App to reduce cpu speed when phone is idle?

I remember there was an app like this for the HTC Touch, when the phone is idle the app will reduce the cpu speed thus save the battery - I noticed a huge increase in battery life with the touch back then and thought it was an essential app. Is there anything like this for the HD2? I think we all can save some battery life for our HD2's
freakflow said:
I remember there was an app like this for the HTC Touch, when the phone is idle the app will reduce the cpu speed thus save the battery - I noticed a huge increase in battery life with the touch back then and thought it was an essential app. Is there anything like this for the HD2? I think we all can save some battery life for our HD2's
Click to expand...
Click to collapse
Without an app to increase cpu speed and disable dynamic speed it already does this ...
LeoCpuSpeed3 will allow you to change the settings ...
first of all, the hd2 does run at 998Ghz at optimized speeds at heavy load, otherwise at idle its 700Ghz, unused. it already has this feature built in. increasing speeds arent safe especially where theres no coolant system or heatsink on these arm cpu. peeps can do whatever with their $500 dollar investment
aoakes said:
first of all, the hd2 does run at 998Ghz at optimized speeds at heavy load, otherwise at idle its 700Ghz, unused. it already has this feature built in. increasing speeds arent safe especially where theres no coolant system or heatsink on these arm cpu. peeps can do whatever with their $500 dollar investment
Click to expand...
Click to collapse
True I would not recommend overclocking the phone, but many many people, including myself, use it locked at 998 with no problems, it gets warmer using wifi than it does at 998 ...

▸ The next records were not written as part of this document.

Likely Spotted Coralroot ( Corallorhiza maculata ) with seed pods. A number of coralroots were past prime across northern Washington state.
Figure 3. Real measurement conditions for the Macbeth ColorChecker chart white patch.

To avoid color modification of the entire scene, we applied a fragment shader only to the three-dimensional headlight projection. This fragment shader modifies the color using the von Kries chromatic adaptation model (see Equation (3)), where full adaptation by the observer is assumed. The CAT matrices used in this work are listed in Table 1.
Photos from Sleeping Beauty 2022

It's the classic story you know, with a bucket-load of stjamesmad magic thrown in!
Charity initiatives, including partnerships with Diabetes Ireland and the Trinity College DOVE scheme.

Also really I do not get much more battery life out of it set to dynamic ...
any app can reduce cpu below 700Mhz?
thanks.
Guys, NetRipper created an app that provides all of this. It covers all your LEO CPU manipulation needs - underclocking/overclocking even static & dynamic speed setting. Conveniently, its called Leo CPU Speed! You really have NO EXCUSE for not finding it - just type the damn words in a search box "leo cpu speed".
Please, don't act like morons!
Devs invest their precious time to create apps for you, give them intuitive names, write up tutorials, answer your questions .... it is not their job to run a search query for you - use the SEARCH box BEFORE you start hogging attention UNNECESSARILY; it'll take you less time finding it than posting up new questions!

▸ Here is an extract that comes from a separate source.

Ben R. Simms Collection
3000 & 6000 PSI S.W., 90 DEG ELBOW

It would be good if there was an app that reduces cpu speed to under 700mhz when the phone is locked and as soon as the phone is unlocked it takes it right back up to the full 998mhz.
Would save more battery than using autoscaling cause it would reduce it to less and you'd get full speed when the phone is unlocked since it would be at 998mhz. Something like that would be quite good providing it actually would save any battery
aLlamaWithARifle said:
It would be good if there was an app that reduces cpu speed to under 700mhz when the phone is locked and as soon as the phone is unlocked it takes it right back up to the full 998mhz.

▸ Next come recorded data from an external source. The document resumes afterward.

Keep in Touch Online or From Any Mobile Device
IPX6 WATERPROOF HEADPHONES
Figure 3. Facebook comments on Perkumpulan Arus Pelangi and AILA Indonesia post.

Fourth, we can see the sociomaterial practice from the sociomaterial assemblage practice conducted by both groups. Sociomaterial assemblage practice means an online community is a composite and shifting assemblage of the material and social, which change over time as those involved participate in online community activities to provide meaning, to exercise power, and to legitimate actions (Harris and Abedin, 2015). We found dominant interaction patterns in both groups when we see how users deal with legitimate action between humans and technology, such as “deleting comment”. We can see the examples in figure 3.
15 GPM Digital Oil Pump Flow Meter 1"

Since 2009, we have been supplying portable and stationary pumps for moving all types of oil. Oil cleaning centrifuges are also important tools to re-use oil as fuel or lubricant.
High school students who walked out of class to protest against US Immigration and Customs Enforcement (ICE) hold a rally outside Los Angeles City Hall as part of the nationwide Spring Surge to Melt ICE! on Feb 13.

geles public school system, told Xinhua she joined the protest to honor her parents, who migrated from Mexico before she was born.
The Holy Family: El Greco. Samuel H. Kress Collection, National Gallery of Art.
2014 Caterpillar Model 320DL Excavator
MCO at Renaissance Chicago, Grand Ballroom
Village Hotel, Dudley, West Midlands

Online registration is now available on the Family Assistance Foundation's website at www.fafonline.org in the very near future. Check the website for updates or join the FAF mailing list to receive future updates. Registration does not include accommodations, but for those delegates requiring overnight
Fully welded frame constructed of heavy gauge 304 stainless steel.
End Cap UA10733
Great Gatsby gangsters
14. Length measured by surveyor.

Would save more battery than using autoscaling cause it would reduce it to less and you'd get full speed when the phone is unlocked since it would be at 998mhz. Something like that would be quite good providing it actually would save any battery
Click to expand...
Click to collapse
i totally agree...
aLlamaWithARifle said:
It would be good if there was an app that reduces cpu speed to under 700mhz when the phone is locked and as soon as the phone is unlocked it takes it right back up to the full 998mhz.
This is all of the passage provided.